Course Requirements: There will be a series of short assignments along the way; also, a class wiki and individual blogs will be created (more to follow). There will also be a final project on a relevant issue (copyright law and file sharing, plagiarism and the web, the strengths and limits of online searches, etc.). This will be a group project, and will include an interim paper or discussion outlining a workplan detailing how the group will analyze the conceptual issues and literature.
One more thing: Throughout the term, we'll be reading and discussing a novel: Neal Stephenson's The Diamond Age (Bantam, 1995). Subtitled A Young Lady's Illustrated Primer, this tale of life 50 years from now treats what happens when a piece of educational technology designed for the grandchild of a lord in the ruling elite falls into the hands of a street urchin named Nell. The "talking book" (which also works through "ractors" – short for interactors, human actors who assume roles to interact with the user) gives Nell powers but also poses perils. If you think this is a kind of fable for our course's focus, you're right.
PRELIMINARY SCHEDULE OF TOPICS (under construction)
I. Introduction(s)
to the course, one another
The Diamond Age (first 60 pages)
II. Writing Spaces, Part 1: Wikis and Blogs
Blogs:
"Portrait of the Blogger as a Young Man"
"Bloggers" (a Pew Internet & American Life survey) by Amanda Lenhart & Susannah Fox (July 19, 2006)
Wikis:
"Following the Wikipedia Controversy" by Michel-Adrien Sheppard (December 14, 2005)

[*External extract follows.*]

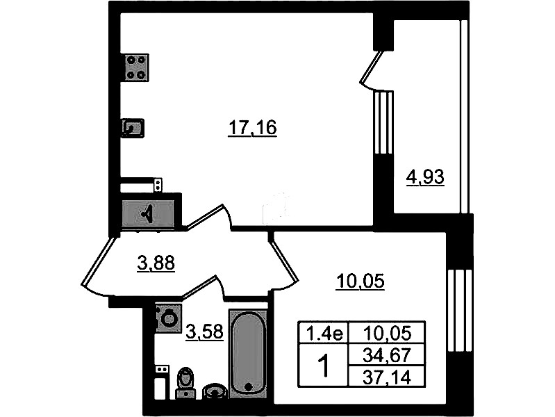 - Площадь34,67 м2

III. Writing Spaces, Part 2:
“Hypertext and the Remediation of Print” from Jay David Bolter’s Writing Space (Lawrence Erlbaum, 2001)
IV. Recent History
"Lessons from the History of the Internet" (Chapter 1) from Manuel Castells' Internet Galaxy (Oxford: Oxford UP, 2001)
V. Communicating on the Internet
"Netspeak" (Chapter 2) from David Crystal's Language and the Internet (Cambridge: Cambridge UP, 2001)
VI. Images and Visualization
TBA
VI. Social Networks
"Social Network" entry in Wikipedia
"The MySpace Generation" Business Week cover story from December 12, 2005
David Denby, "Big Pictures" (from The New Yorker)
Additional articles on YouTube and "Me Media"
VII. (Re)searching Online
USC tutorial on search engines, metasearchers, subject directories, boolean logic, proximity operators, and field searching
Resources for Documenting Electronic Sources (Purdue's Online Writing Lab)
VIII. WebQuests
The SDSU Webquests site
IX. Intellectual Property and Copyright
Lawrence Lessig, Free Culture (selections)
X. Online Research and Plagiarism
What Is Plagiarism? (History News Network)
Plagiarism and the Web (Western Illinois U)
Plagiarism: What It Is and How To Avoid It (MIT)
Evaluating What You Find in the Library and on the Internet (MIT)
XI. Tags, Feeds, and the Future of the Internet
Jorge Luis Borges, "Funes, the Memorious"
"Semantic Web" on Wikipedia
Other Readings TBA
The last weeks of the course will be devoted to presentations on and responses to the term-long projects. Half of each student's grade will be based on individual contributions (to online discussions, to the individual blog and class wiki) and half will be based on the group project. Students should remember that all group work is visible in the course site – which is to say that group discussions and file-sharing are accessible to the instructor. If you don't pull your weight, that will be obvious – and in a way that would never be possible in a classroom-based course (one of many things about the classwork pertinent to the course's focus).